Nathan Lambert, a senior research scientist at the Allen Institute for AI and an expert on the open model ecosystem, told NBC News that the recent progress of Chinese models is no coincidence.
“The Chinese are real innovators in AI,” Lambert said.
Lambert, who writes extensively about China’s AI developments on the Substack platform and is considered an expert on China’s open-source ecosystem, added that the balance of power has shifted rapidly in the last 12 months.
Some in Silicon Valley note that American models still hold a significant advantage at the cutting edge of AI capabilities and that closed American models offer a user-friendliness that cumbersome open models cannot match.
Tim Tully, a partner at Menlo Ventures, argued that closed models are still much more capable and generally more useful:
“The tools are better, the productivity is better, the agent frameworks being built and used by everyone are better with Anthropic and OpenAI. They just work better. So the ecosystem is strong in the closed-source environment.”
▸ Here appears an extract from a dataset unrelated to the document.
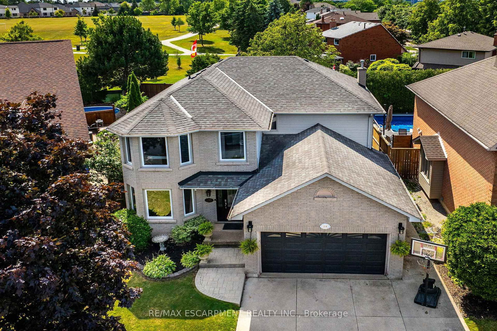 Welcome to 28 Dolman Street, SC. Gorgeous massive family home is situated on desirable Stoney Creek Mountain backing on huge Maplewood Park. Home features over 2900 sqf above grade, plus finished basement for entertainment and recreation. Upper level of this beauty features 4 spacious bedrooms, and 2 full bathrooms. Main grand entrance leads to spacious main floor with open concept kitchen, separate family room with fireplace, living room, dining room, and huge sun room that leads to your back yard oasis with pool, covered porch with hot tub, for enjoyment and entertainment of summer days/nights. Fully finished basement features humongous recreation room, and separate bedroom/den/gym with another full bathroom. Double car garage with inside entry through mud/laundry room, and driveway that fits up to 4 cars. Fabulous home is perfect for growing and large families with near by access to Red Hill and Linc, schools, shopping, trails and etc. This is must see home. RSA.

However, many companies may avoid using Chinese models due to the real or perceived risks of using a product built on a Chinese-origin foundation.
“There is a perceived risk that buyers, whether from the private or public sector, are hesitant to purchase a product based on a Chinese-origin open-weight model,” said Tully, an investor in Anthropic, one of the world’s leading closed-model companies.
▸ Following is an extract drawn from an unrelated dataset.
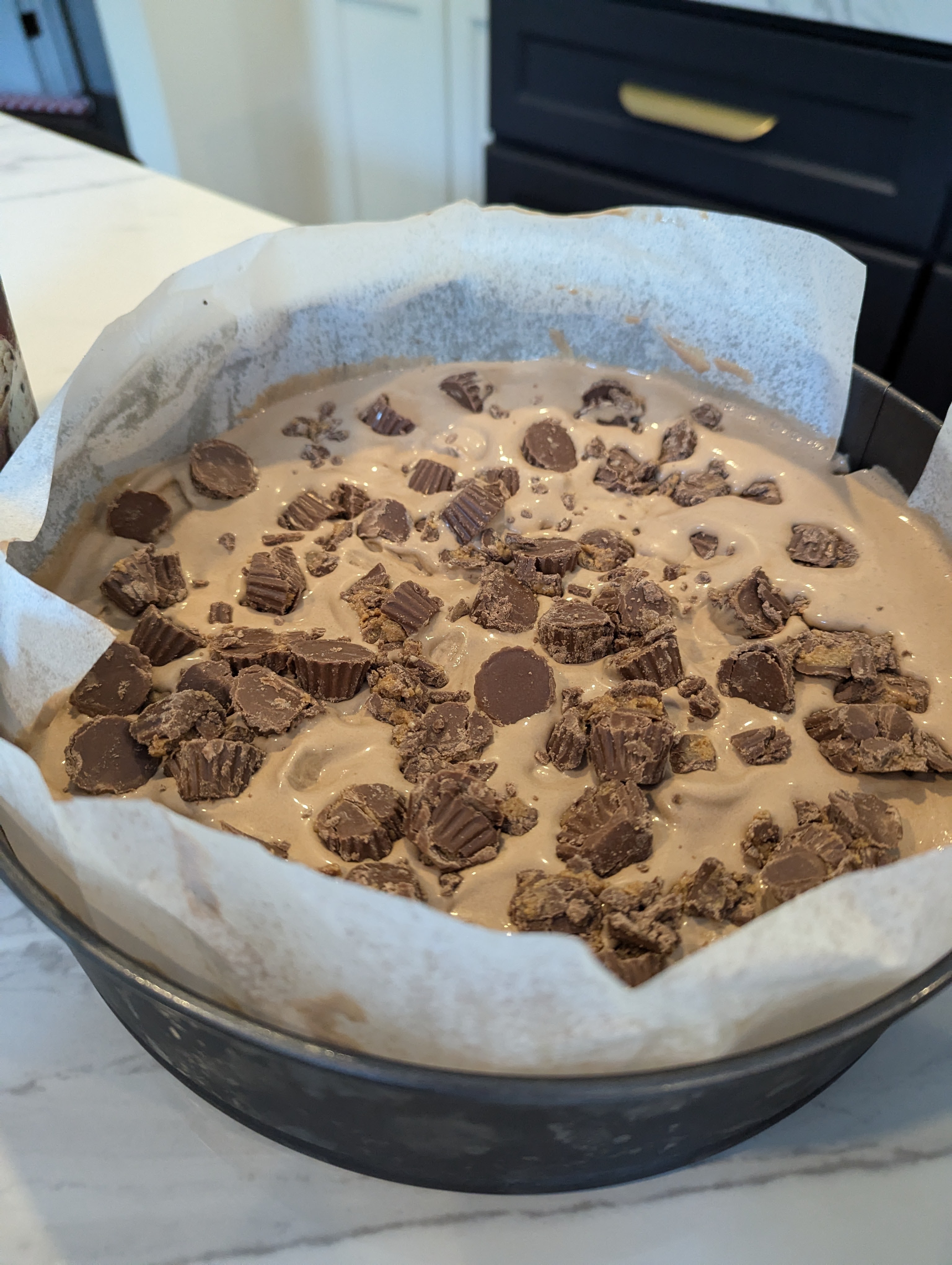 Before serving, run a hot knife along the edges and release from springform pan. Decorate with whipped cream or cool whip. Top with peanut butter cups. Enjoy!

The US open-source ecosystem is waking up
American AI companies and the federal government have taken notice of the recent rise of Chinese models. Experts have described America’s lack of powerful open-source models as an “existential” threat to democracy.
Although Meta’s high-profile Llama series has historically led American open-source efforts, CEO Mark Zuckerberg has signaled that Meta does not intend to make all of its “superintelligence” AI models open-source.
The stagnation in the performance of Llama models in recent years is also seen as one of the reasons open-source users have shifted to better-performing Chinese models.
But the US open-source ecosystem may be gradually awakening, with efforts by American innovators to enhance their competitiveness.
In July, the White House released an AI Action Plan that called on the federal government to “Promote Open-Source and Open-Weight AI.”
In August, OpenAI, the creator of ChatGPT, released its first open-source model in five years. Announcing the model’s launch, OpenAI referenced the importance of American open-source models, stating, “Broad access to these capable open-weight models created in the US helps expand democratic AI.”
The Seattle-based Allen Institute also released its latest open-source model, Olmo 3, at the end of November, designed to help users “quickly build reliable features for research, education, or applications,” according to the launch announcement.
Lambert from the Allen Institute also launched the “ATOM Project” (American Truly Open Models).
The ATOM Project’s manifesto states: “America has lost its lead in both performance and adoption in open models and is on track to fall further behind.”
“If we want to be the leading nation in the age of AI, we cannot cede such a critical piece of the ecosystem to any one nation,” Lambert said in a statement to NBC News.